December 4th, 2015 17:00

Hello,

BTW, you posted this in the Equallogic Storage Forum not the one for the MD line.

 I personally don't like single huge virtual volumes.  Especially with RAID5.   A double fault on one RAIDset will take out the entire volume.  Since this is a backup server, I'm guessing that it will be backing up multiple servers?  Not just a 64TB file?   You can get a similar virtual presentation buy using mount points instead.  In that configuration a double fault only affects a subset of the total backup.  Or if you do require more than 64TB for each backup, then just virtualize those two.  

Dell storage for drives larger than 2TB need to be at RAID5-DP (aka RAID6).  This is especially true with NL-SAS 7200 RPM  drives.  As you found out, rebuild times are very long, so risk of double fault is increased.

Regards,

Don

7 Posts

December 6th, 2015 09:00

Thanks Don.

I don't really want a single large RAID set, I would like multiple RAID5-DP LUNS, combined to form a single logical volume.
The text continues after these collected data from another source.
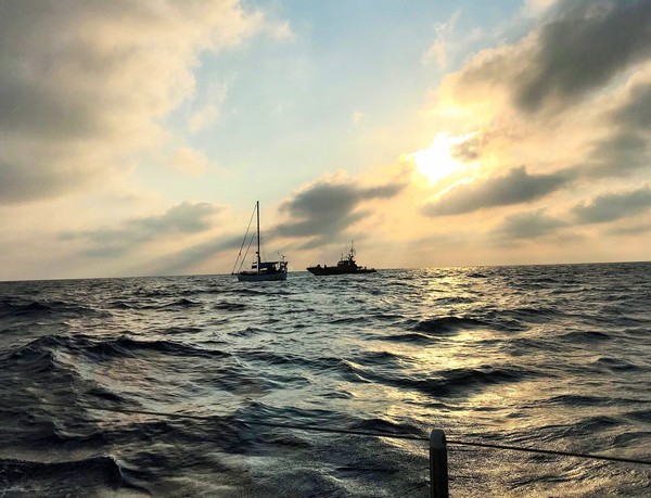 At that collision, three men threw themselves in desperation for something at Wilma to get hold of. One man got up, while the two other men fell into the black water, just as their boat was flung with force from Wilma’s hard concrete hull. The two men in the water soon disappeared behind us while Wilma sailed on with full sails and the autopilot engaged. The little boat disappeared as well, and we stood now with a scared man on our boat, two men in the sea and a handful of men in a dinghy.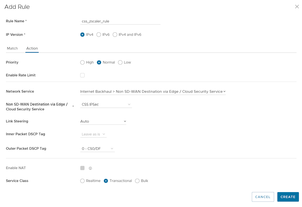 - Define the rule with cloud security service associated with the Edge.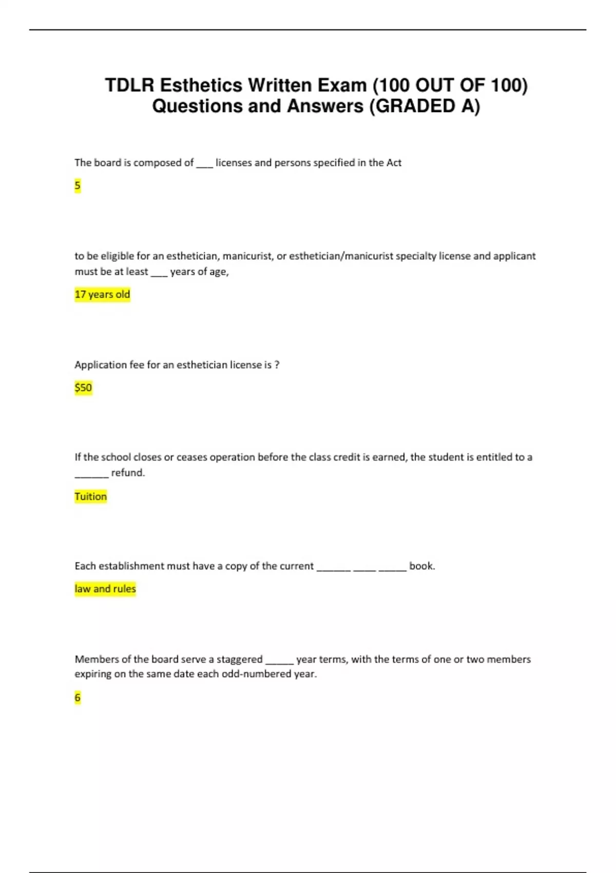 TDLR Esthetics Written Exam (100 OUT OF 100) Questions and Answers (GRADED A).

I'm familiar with mount points, and we may use them, but our backup storage patterns are a little bit difficult to predict.

Can you move this to the right forum? Or should I move it?

5 Practitioner

 • 

274.2K Posts

December 6th, 2015 12:00

Hello,

I'm not referring to a single RAIDset, but a single logical volume.  I was referring to making up that volume with joined RAID5 RAIDsets.  Too much risk of a single faulted RAIDset causing an outage.

I was just trying to highlight the risk, especially with such large drives.  You mentioned taking 40 hours to rebuild, but was that with a load or just as a test?   If just a test, I would expect it to take longer with an active load.  I should have been clearer,  Dell's suggested storage policy is that for drives larger than 2TB on 7200 RPM drives RAID6 or RAID10 should be used.  My apologies.

I'm not an administrator so I can't move the to the other forum.